We’ll keep it brief this evening.
It was a foggy morning in New York City. Of course, its proximity to water means that fog is not an uncommon occurance. It’s just part of the deal. The morning of July 28, 1945 was no exception. Visibility in some places was near zero.
As the clocks rolled toward 10:00am, Lt. Col. William Smith was flying his B-25 Mitchell into foggy New York. More at home carrying bombs and bullets, the light bomber was instead carrying a couple of passengers on a routine transport mission from Boston. Seeking to land at LaGuardia Airport, Smith was advised by the tower that visibility was very poor.
Now soldiers, even those in the Air Force, spend their entire career taking orders. They’re told what to do, where to do it, and when to do it. And a soldier’s response is generally, “Yes, sir!” If a soldier fails to obey orders, they’re usually punished. In Lt. Col. Smith’s case, the control tower was not a superior officer. But a recommendation from the tower is, in my opinion, pretty much an order to be followed. I think it’s particularly true when the weather is bad and/or visibility is also bad.

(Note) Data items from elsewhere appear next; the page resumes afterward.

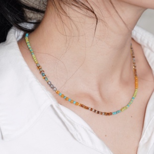 Timee恬觅 天然绿松老黄玉捷克琉璃项链锁骨链毛衣链 春和景明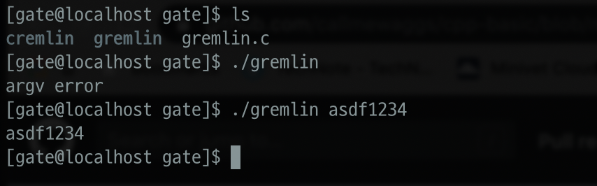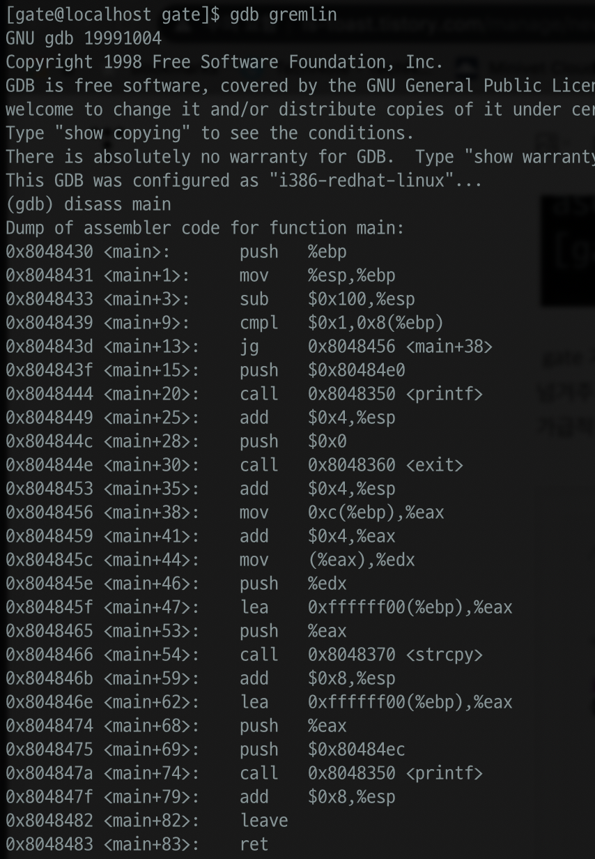 gate 계정으로 로그인하면 위와 다르게 gremlin과 gremlin.c가 있을겁니다. 그리고 실행해보면 argv error를 뱉어내고 실행할때 인자값을 넘겨주면 입력한 인자값 그대로 출력하고 프로그램이 끝이 납니다. 그럼 바로 gdb로 분석을 시작해보겠습니다. 소스 파일을 보셔도되지만 가급적 보지 않는 것을 추천드립니다. 아래 접힌글에 코드를 첨부했으니 참고하실분들은 참고하시길 바랍니다.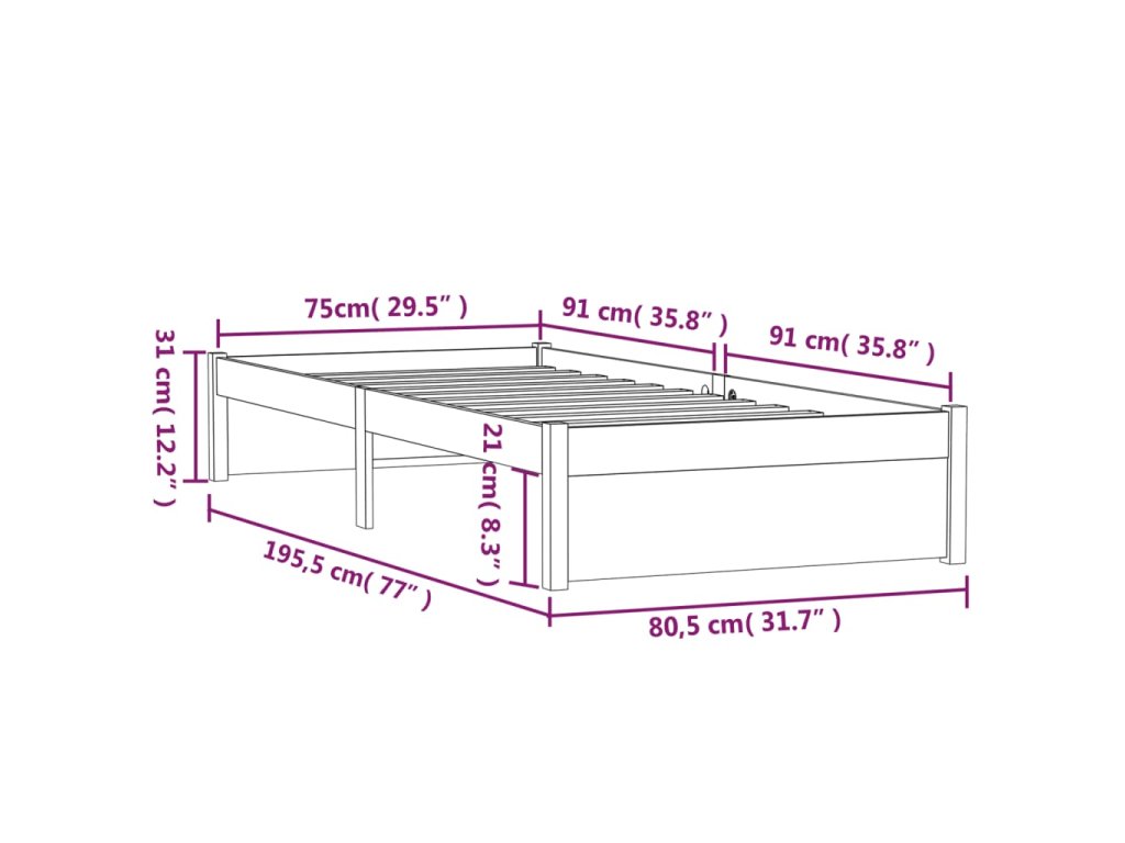 - Tento rám postele je vhodný pre matrac s rozmermi 75 x 190 cm (2FT6 malé jednolôžko).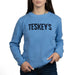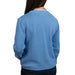 This pullover sweater in Hydrangea/Navy features long sleeves, a ribbed collar, and rolled cuffs and hem for a comfortable fit. It displays Teskey's distinctive block lettering and is made from a soft blend of 50% cotton and 50% polyester.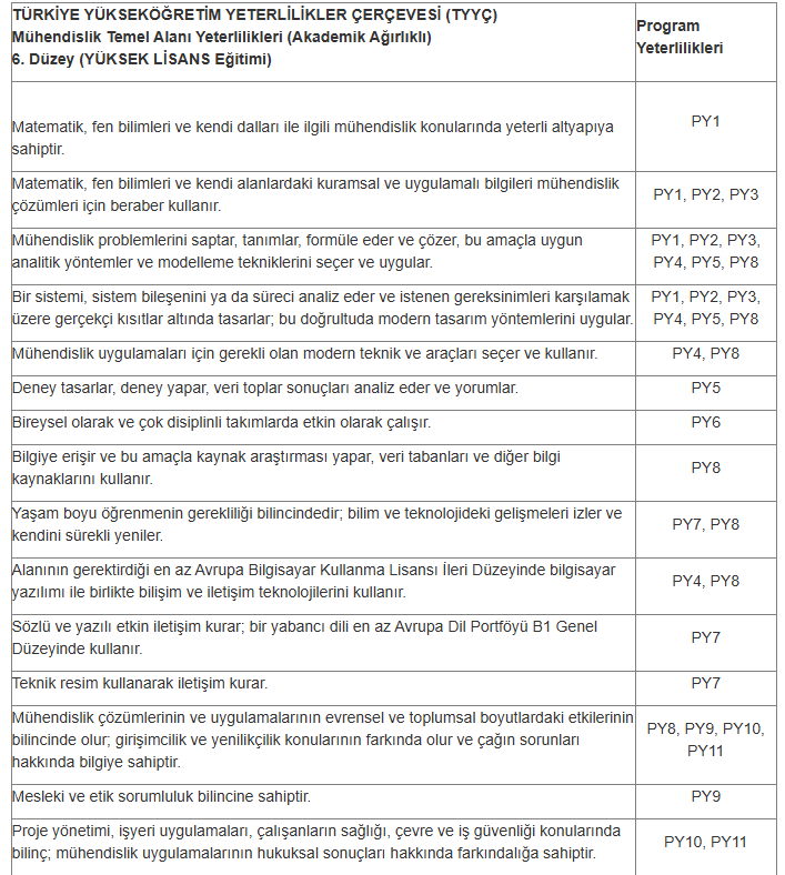 - Yaşam boyu öğrenmenin gerekliliği bilinci; bilgiye erişebilme becerisi, bilim ve teknolojideki en son gelişmeleri takip edebilme becerisi, sürekli güncel kalabilme becerisi.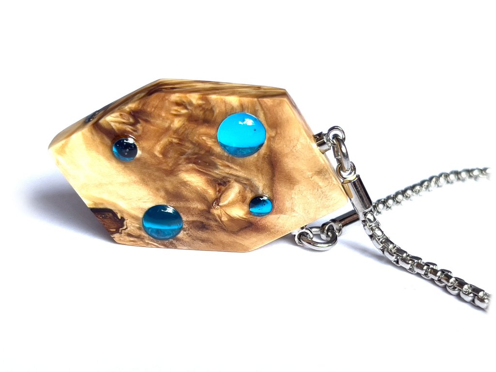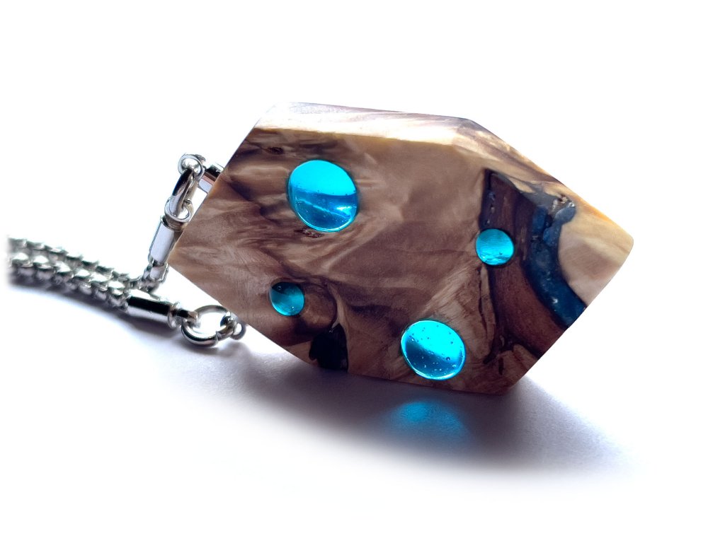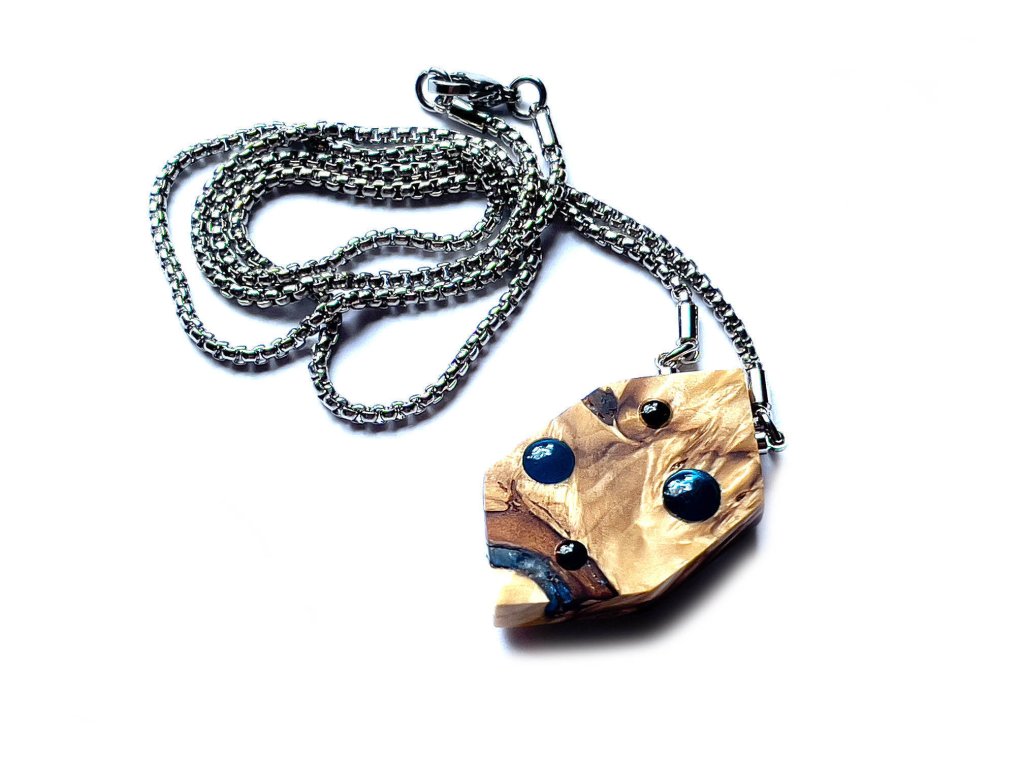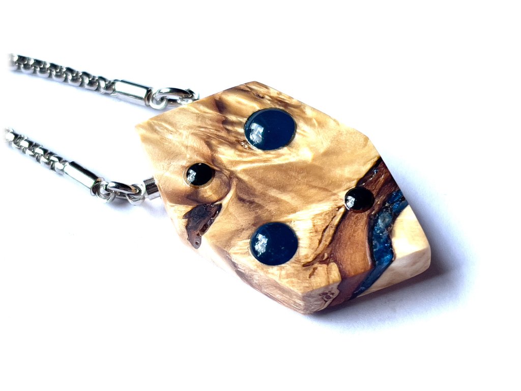 Náhrdelník z ručně broušeného stabilizovaného dřeva a pryskyřice.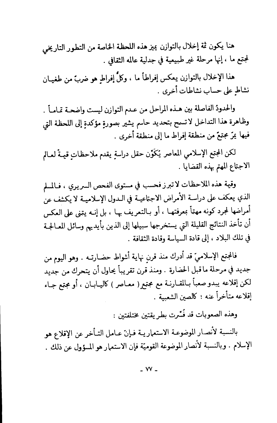 فالمجتع الإسلاميّ قد أدرك منذ قرنٍ نهاية أشواط حضارته. وهو اليوم من جديد في مرحلة ما قبل الحضارة. ومنذ قرن تقريباً يحاول أن يتحرك من جديد لكن إقلاعه يبدو صعباً بالمقارنة مع مجتمعٍ (معاصر) كاليابان، أو مجتمع جاء إقلاعه متأخراً عنه؛ كالصين الشعبية.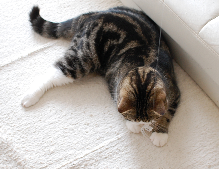 この時まるさんが遊んでいたのは、電化製品のコードを束ねてあったやつです。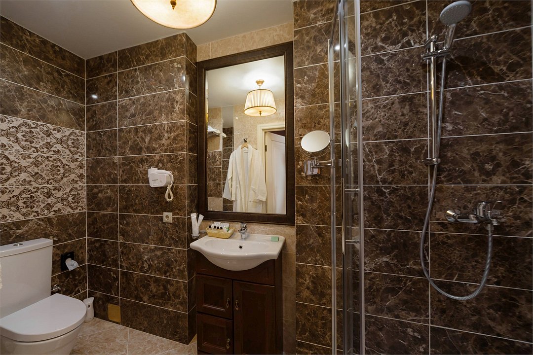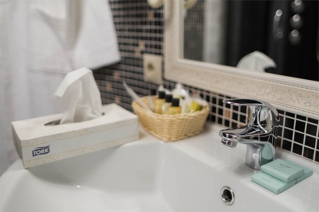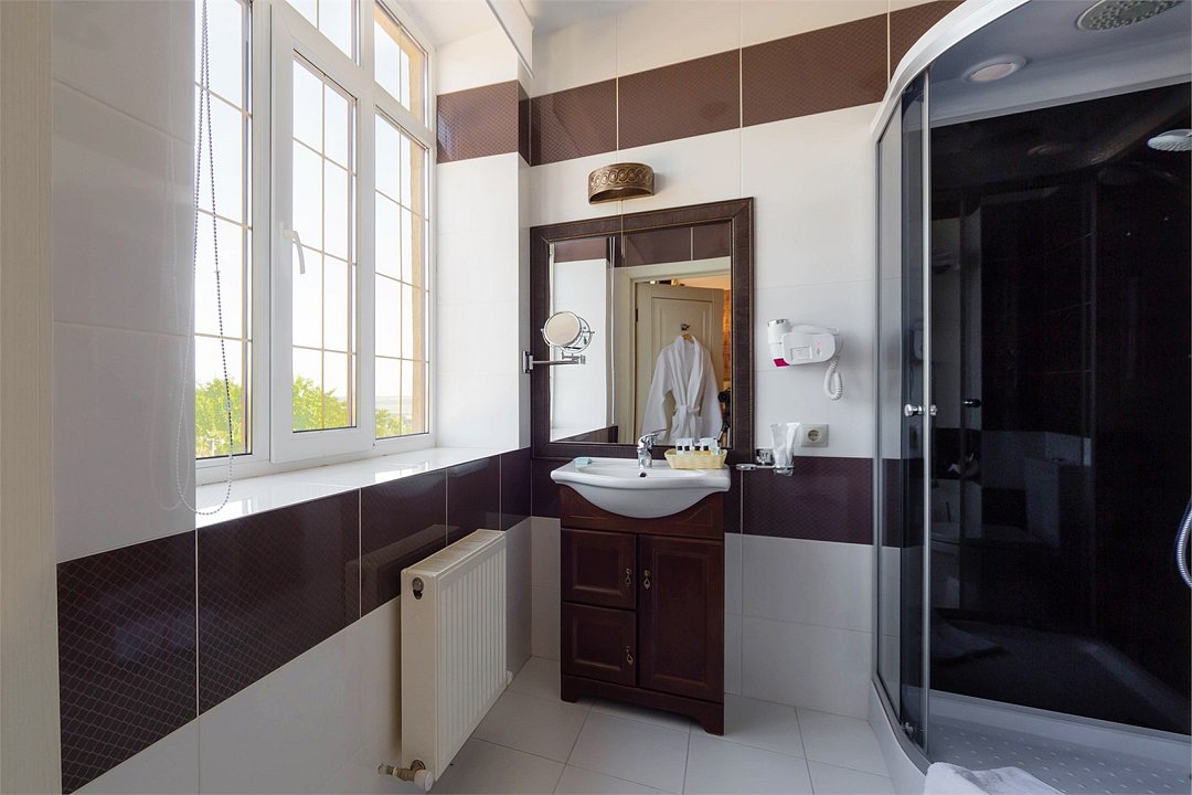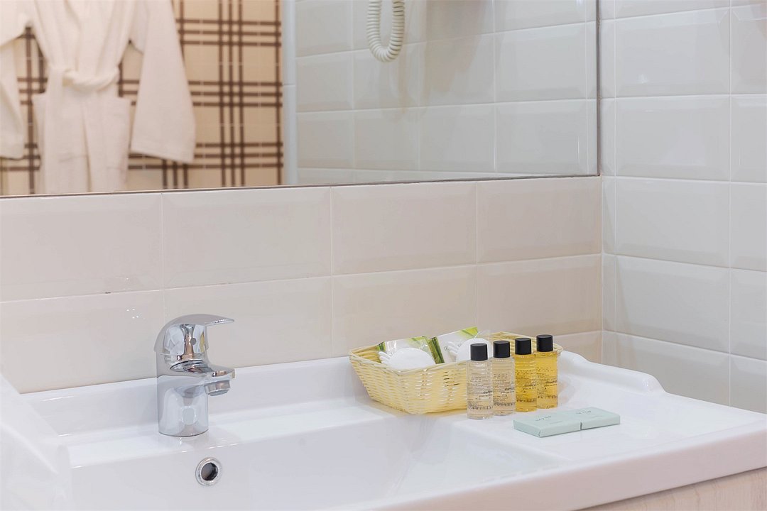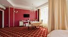 Номера категории «Премьер» станут прекрасным местом отдыха для тех, кто ценит комфорт. Лаконичный классический интерьер здесь прекрасно сочетается с практичностью обстановки. Вас порадует большая кровать размером 180х200 см, вместительная встроенная гардеробная в коридоре, качественная импортная сантехника в ванной комнате, большой телевизор и бесплатный интернет, мини-бар и включенный в стоимость завтрак. Номер «Премьер» - отличное решение для тех, кто любит простор (площадь комнаты 22 м²), удобство и красоту.Услуги и удобства
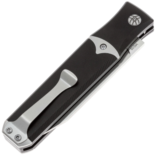Клинок формы Clip-Point, обеспечивающий точность при резе и отличные проникающие свойства. Он выполнен из стали VG10 — это коррозионностойкая сталь, разработанная японской компанией «Takefu Special Steel» специально для изготовления ножей. V Gold 10 (сокращенно VG-10) стала причиной всемирной популярности этой компании. Эта сталь имеет крайне высокие показатели износостойкости за счёт легирования кобальтом, закаляется до 60-62 HRC, но при этой твёрдости может приобретать значительную хрупкость, поэтому стоит избегать тяжёлых работ по грубым материалам. Однако при закалке 58 HRC эта сталь начинает выдерживать довольно высокие нагрузки. VG-10 хорошо поддаётся заточке, но стоит быть осторожным с использованием алмазных и эльборовых брусков, так как они могут привести к выкрашиванию режущей кромки. Эта сталь хорошо поддаётся шлифовке и термообработке, также она хорошо держит режущую кромку и при должном уходе прослужит вам долго. Также стоит обратить внимание на то, что VG-10 имеет довольно среднюю устойчивость к коррозии и во влажном климате или частом контакте с жидкостями она требует тщательного ухода. Обработка клинка выполнена методом сатинирования, что придаёт ему характерную штриховку, улучшая внешний вид.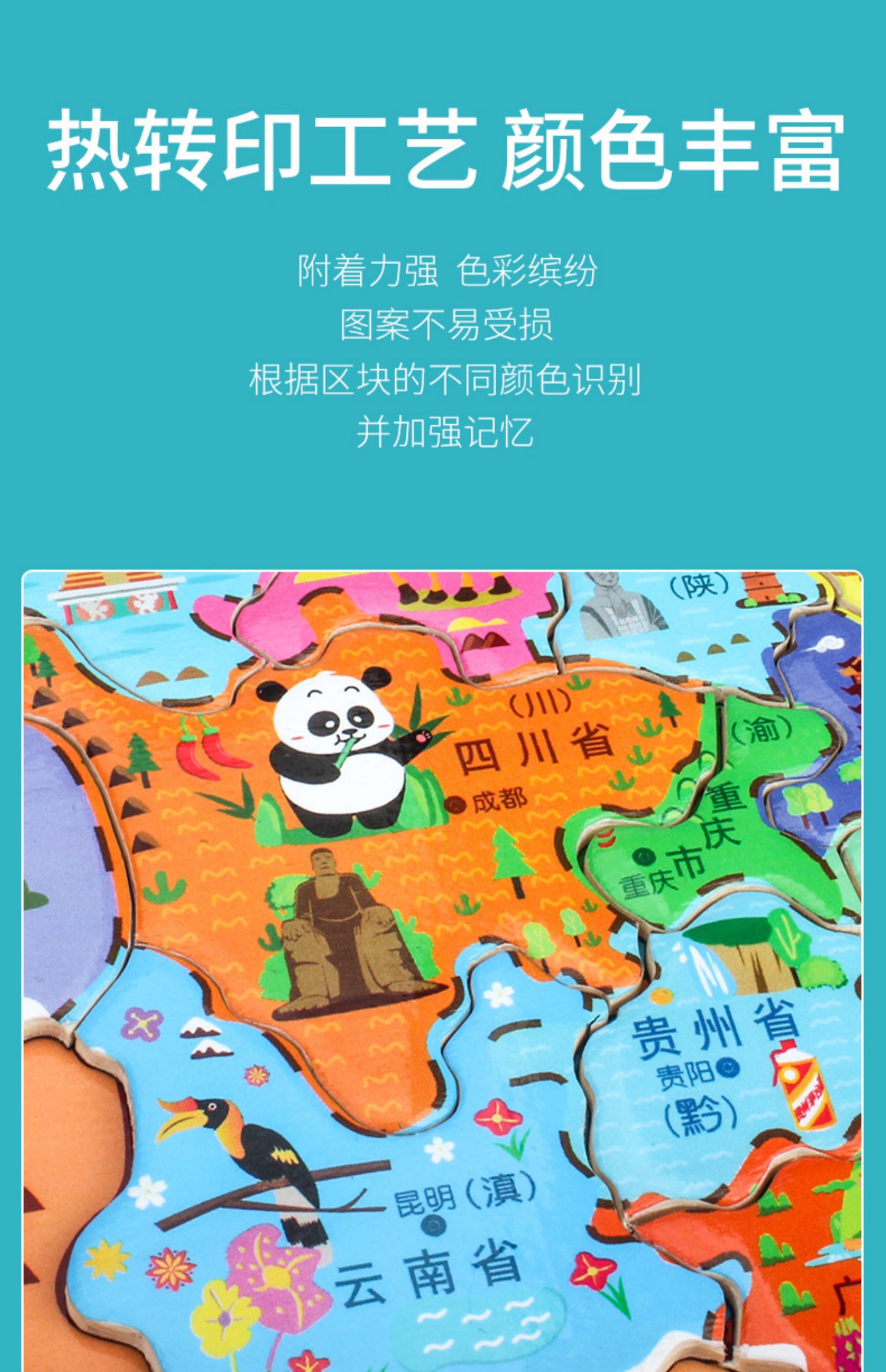 超值!【中国地图拼图】线下一块地图拼图就要十几元!寓教于乐,能玩还能学习知识,做个聪明的宝宝~拼色设计,丰富视觉效果,培养宝宝对地理的兴趣,体验亲子的乐趣【赠运费险】

Lt. Col. William Smith didn’t see it that way. But then, there were several things he didn’t see in the fog, one of which was the Empire State Building. Disregarding the tower’s warning, Smith attempted to land anyways, got disoriented, and flew his Mitchell into the upper floors of the Empire State Building’s north side. He and his two passengers were killed, as were eleven others in the skyscraper.
One of the miraculous survivors was Betty Lou Oliver, a 20-year old elevator operator on the 80th floor. Injured in the crash, she was put on an elevator to be lowered. But as the doors closed, the cables (now weakened) snapped, and she dropped 75 floors, where she crashed in the basement…and lived almost 70 years to tell the tale.
If I’m ever a pilot (and none of you have to worry, because I won’t be), I will always heed the control tower’s advice.
NOTE: Somehow, I got confused on the dates and neglected to publish this piece on time. My apologies.